Missed call due to high coverage
mbhall88 opened this issue · 2 comments
I have an example where we miss a very clear resistant call due to LOW_GT but the depth on alt vs ref is very obvious. I appreciate it is hard when we are drawing lines based on percentiles. Anyway, I thought this might be a nice example to do some testing/debugging with.
This is a sample from Sylvianne in Madagascar. It was one of 5 samples in a multiplexed nanopore run. It has a HUGE amount of reads (fastq file is 3.3Gb - compressed!) They are testing out MGIT in the lab and were using mykrobe to compare results. The MGIT and phenotyping for this sample show resistance to Isoniazid, Rifampicin, and Ethambutol.
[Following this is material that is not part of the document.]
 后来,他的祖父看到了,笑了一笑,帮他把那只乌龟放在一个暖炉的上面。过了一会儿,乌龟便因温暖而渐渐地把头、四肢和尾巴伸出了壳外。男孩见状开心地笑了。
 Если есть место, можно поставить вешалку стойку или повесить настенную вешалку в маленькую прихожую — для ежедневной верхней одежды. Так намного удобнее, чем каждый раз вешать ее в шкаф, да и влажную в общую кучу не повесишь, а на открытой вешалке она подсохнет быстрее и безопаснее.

When I run mykrobe ok the full set of reads, it returns resistant to INH only. When I randomly subsample the file to 150x depth mykrobe says resistant to INH and RIF. When I filter out anything (from the subsampled file) that doesn't map to H37Rv I also get resistant to RIF and INH.
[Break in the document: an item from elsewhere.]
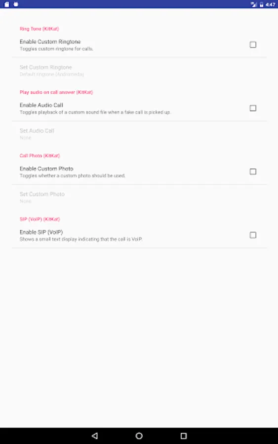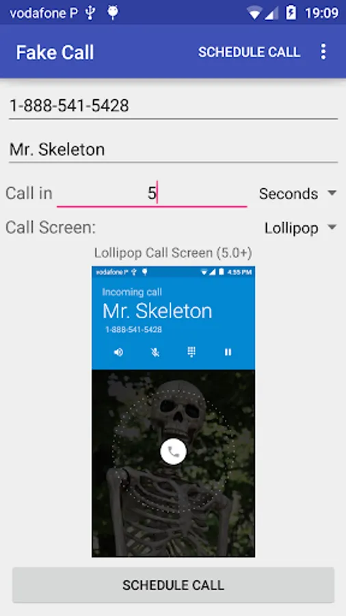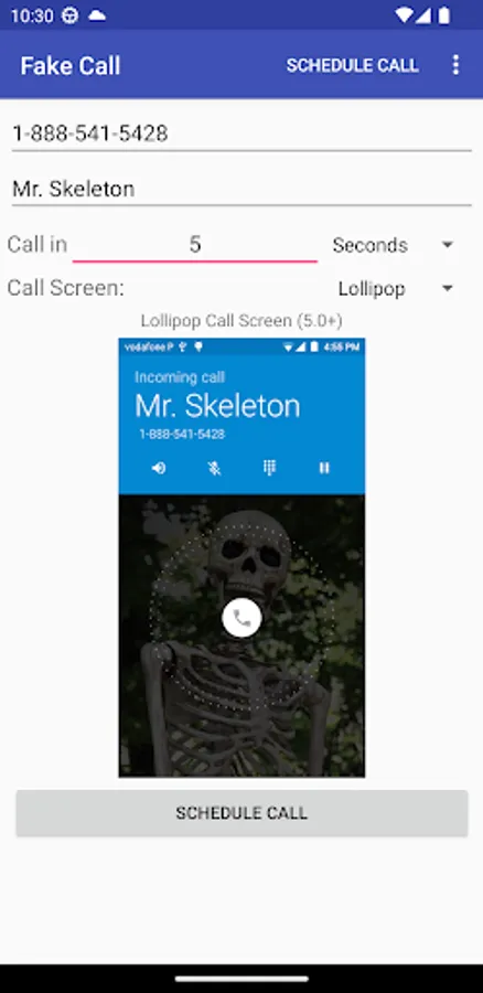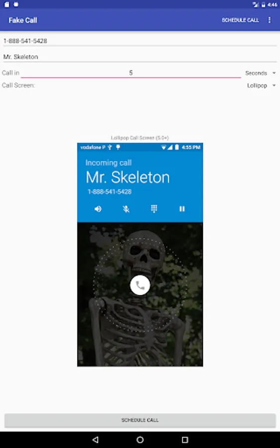 Start the application and fill in the caller name, number, and the time delay you wish to have for the call, then press Schedule call. If you change your mind, you can cancel the call with the Reset Call button at any time, even if you have closed the app since then.

The variant in question is rpoB_S450L-TCG761154TTG
. The information for this variant from the full and filtered runs are:
Full read set
"rpoB_S450L-TCG761154TTG": {
"variant": "ref-S450X?var_name=TCG761154TTG&num_alts=8&ref=NC_000962.3&enum=0&gene=rpoB&mut=S450X",
"genotype": [
1,
1
],
"genotype_likelihoods": [
-22153.337254734015,
-44.788636474841695
],
"info": {
"coverage": {
"reference": {
"percent_coverage": 75.0,
"median_depth": 1,
"min_non_zero_depth": 1,
"kmer_count": 20,
"klen": 21
},
"alternate": {
"percent_coverage": 100.0,
"median_depth": 166,
"min_non_zero_depth": 132,
"kmer_count": 3109,
"klen": 20
}
},
"expected_depths": [
160
],
"contamination_depths": [],
"filter": [
"LOW_GT_CONF"
],
"conf": 22109
},
"_cls": "Call.VariantCall"
Filtered read set
"Rifampicin": {
"predict": "R",
"called_by": {
"rpoB_S450L-TCG761154TTG": {
"variant": null,
"genotype": [
1,
1
],
"genotype_likelihoods": [
-7098.776446933491,
-9.626747418092155
],
"info": {
"coverage": {
"reference": {
"percent_coverage": 0.0,
"median_depth": 0,
"min_non_zero_depth": 0,
"kmer_count": 0,
"klen": 21
},
"alternate": {
"percent_coverage": 100.0,
"median_depth": 42,
"min_non_zero_depth": 37,
"kmer_count": 812,
"klen": 20
}
},
"expected_depths": [
41.0
],
"contamination_depths": [],
"filter": [],
"conf": 7089
},
"_cls": "Call.VariantCall"
}
}
},
All of the data from this run is stored on noah. I'll send through the paths on Slack.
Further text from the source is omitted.